Hebrew songs added to the lively mix of jazz, funk, blues and ethnic dance at the inauguration of Oakland Mayor Jerry Brown this week.
Joining the long lineup of entertainers were students from Oakland Hebrew Day School, who belted out four songs at the Oakland Museum’s Great Hall Monday evening. The entertainment followed Brown’s oath-taking ceremony in the Paramount Theatre.
Wearing white-collared shirts under royal blue Oakland Hebrew Day School sweatshirts, 15 kindergarten through sixth graders sang four carefully chosen songs, including Lo Yisa Goy, a call for peace, and Amar Rebbe Elazar, which touches on the importance of education.

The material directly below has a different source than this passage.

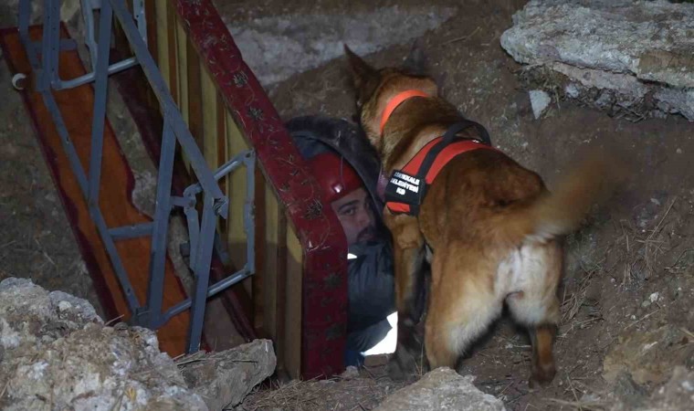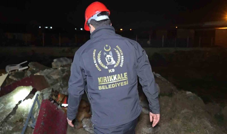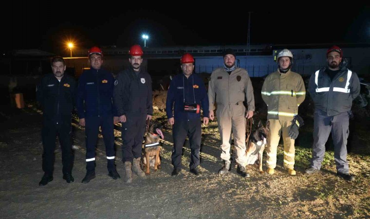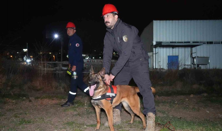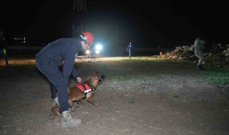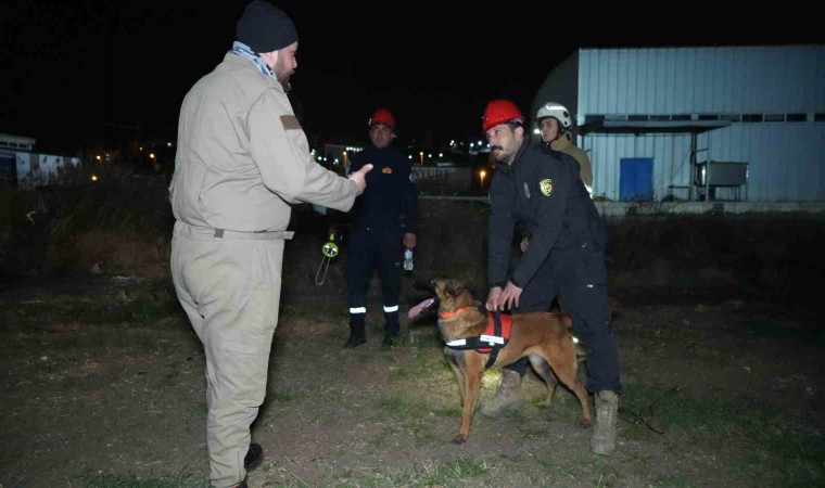 Kırıkkale’de muhtemel doğal afetlere karşı hazırlıklarını sürdüren arama kurtarma ekipleri, hassas burun köpeklerle gecenin ayazında tatbikat yaptı.
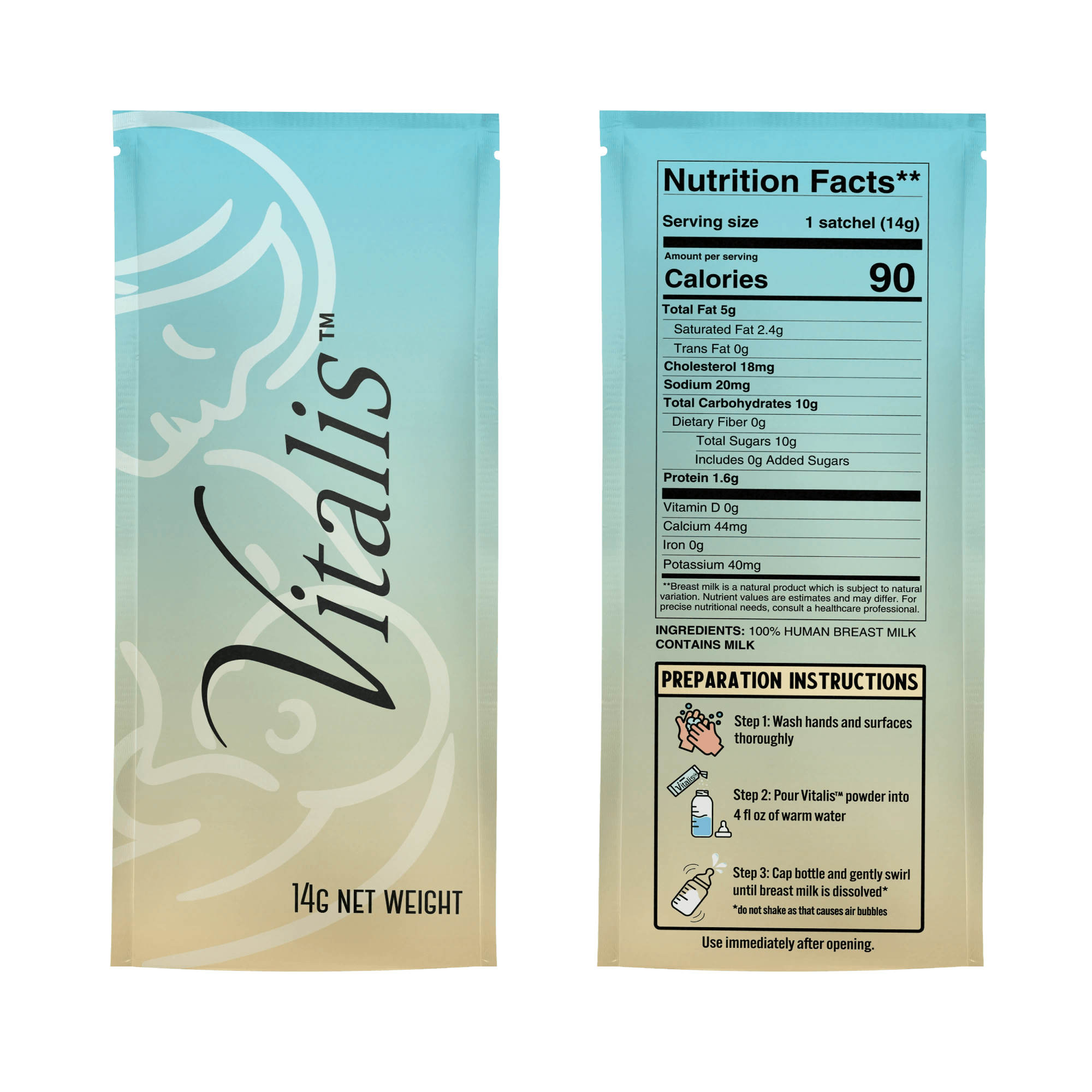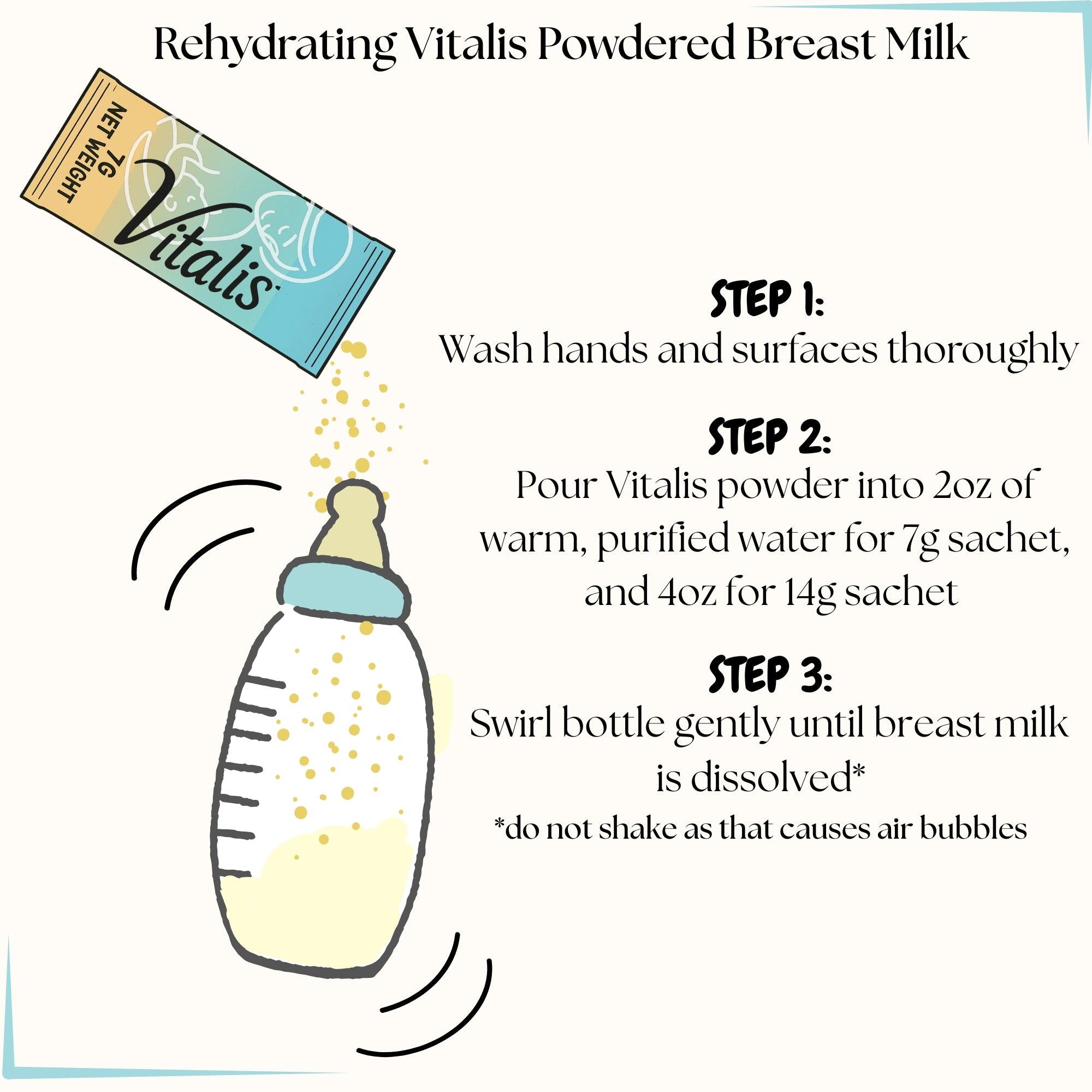 Pure, shelf-stable, donor breast milk with just the tear of a pouch! Vitalis offers the only available freeze-dried donor breast milk in the United States. Made entirely from screened and triple-tested donor milk - at ~$4-5/ounce, a price point lower than most milk banks.

“We wanted to make a blessing upon the administration,” said Cantor Sara Shendelman, who teaches drama at OHDS and who prepped the kids for their appearance at the inauguration. “I hope we’re making a loving, spiritual statement.”
The school does not have an official chorus, though a music teacher comes once a month. Just before recessing for winter break, the school got word from Brown’s campaign office that students had been invited to perform at the ethnically diverse festivities following the inauguration of Oakland’s 47th mayor.
“We thought it was just so nice that Mayor Brown wanted to include all of the communities in Oakland,” said Terry Amgott-Kwan, OHDS’s office manager and head of the school’s parents association.
Rabbi Elie Tuchman, the school’s director, agreed. “Being involved in everything that goes on around us is an essential part of what it means to be a modern Orthodox Jew,” he said.
All OHDS students available to rehearse during the break were invited to join the impromptu chorus.
Shendelman distributed tapes of the songs to the young singers, who practiced on their own at home and then rehearsed three times as a group in Shendelman’s home.
Among the singers were Shendelman’s two daughters, Aliya, 10, and Shaendl, 7, who had the advantage of being able to get in some extra practice with the group song leader.
“We were up in Tilden Park the other day and we started rehearsing the songs, and a little group gathered around us and clapped when we were done,” said Shendelman in an interview before the performance.
The 15 singers got an equally enthusiastic response Monday. “We got a ton of applause,” reported fourth grader Benjamin Dorfman. “I think we did really good.”
Dorfman and other singers admitted to being a bit nervous at the beginning of their 15-minute performance. The nerves went away quickly, however. Said Ariel Amgott-Kwan, 9: “It was really exciting.”